BBC World Service broadcast: 15th November 2009
This edition of Discovery examines German partition and reunification as seen through the lens of one of the country’s most prestigious companies, Carl Zeiss. Like Germany itself, Carl Zeiss was divided after 1945 and the history of the two Zeiss factories, both specialising in optical technologies, mirrors post-war political, social and technological separation and subsequent re-unification.
Reporter Tim Whewell charts the history of the company, founded in 1846, which built a global reputation for producing high quality microscopes, scientific instruments, cameras and lenses. Originally based in Jena in eastern Germany, the company was split at the end of the Second World War, with the Americans taking top Zeiss scientists west, to Oberkocken and the peoples' enterprise, V.E.B Carl Zeiss Jena, continuing in the GDR.
Like Germany itself, where early post war hopes lingered that the country wouldn't be divided, both parts of the Carl Zeiss company initially struggled to maintain contact. But the bitterness and mistrust of the Cold War soon created deep political, economic and social divisions and the two parts of the company became bitter international rivals, arguing about who owned the Carl Zeiss trademark on the world market.

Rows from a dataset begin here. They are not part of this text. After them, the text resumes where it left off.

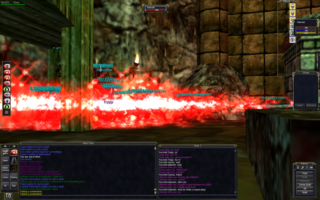 Not sure if anyone cares, but I have been running into Willy, Trypp, AKA Queen down in Droga massively exploiting. I have seen like 100+ mobs being taken down by them at one time which they are both green to a 45. Im guessing they take is pretty nice. Just a heads up, someone might want to put a stop to this.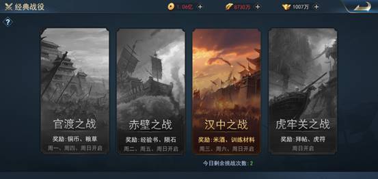 经典战役在每周一、周四、周日时开启官渡之战,成功挑战关卡后将获得大量铜钱与粮草奖励,机会不容错过。
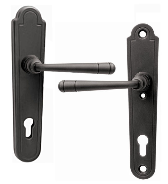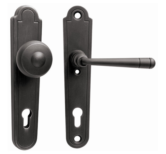 Klasyczna klamka na szyldzie długim wykonana z ręcznie kutego żelaza.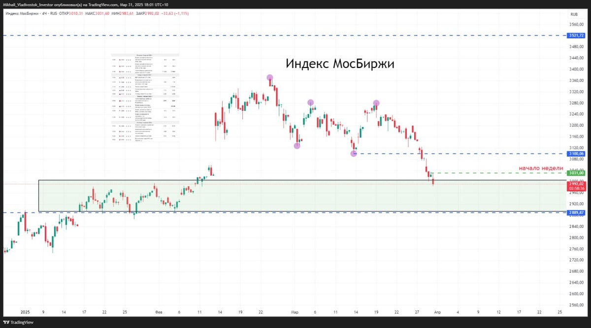 Индекс в моменте -1%. При этом пробили уровень 3000. Тут прям широкая зона поддержки ниже 2889-3000. Думаю что тут как минимум временно задержимся.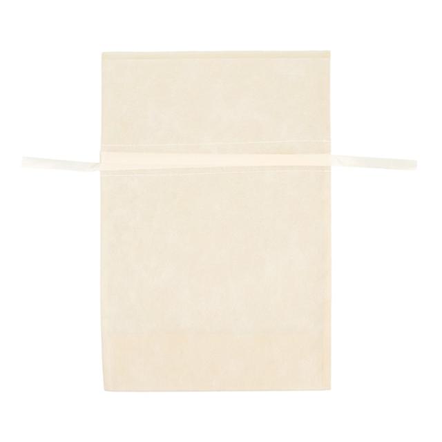 不織布を2層に重ねたギフト巾着袋です。両脇のリボンを引っ張って結ぶだけの簡単ラッピング。ベースのアイボリー色の上に薄手の白を重ねることで、やさしく上品なイメージのギフトに仕上がります。底にマチがあって広がるので、見た目よりも容量があります。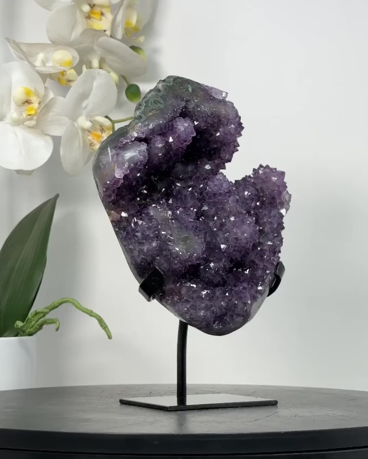 Elevate the ambiance of your home or office with the captivating beauty of our Quartz Specimens. Nestled elegantly on a modern metal display, this stunning piece blends natural elegance with contemporary style, making it a perfect addition to any decor.

But in November 1989, 20 years ago, the Berlin Wall came down and while Germany reunified, Carl Zeiss in Oberkocken was determined that it too, should be reunited with Carl Zeiss in the East. For this Discovery, Tim Whewell, speaks to the key figures who negotiated the subsequent unification of Carl Zeiss, to workers in Jena, many of whom lost their jobs and to current staff and the company's leadership about the impact of this merger.
This edition of Discovery is part of BBC World Service’s 1989: Europe’s Revolution coverage, marking the 20th anniversary of the fall of the Berlin Wall.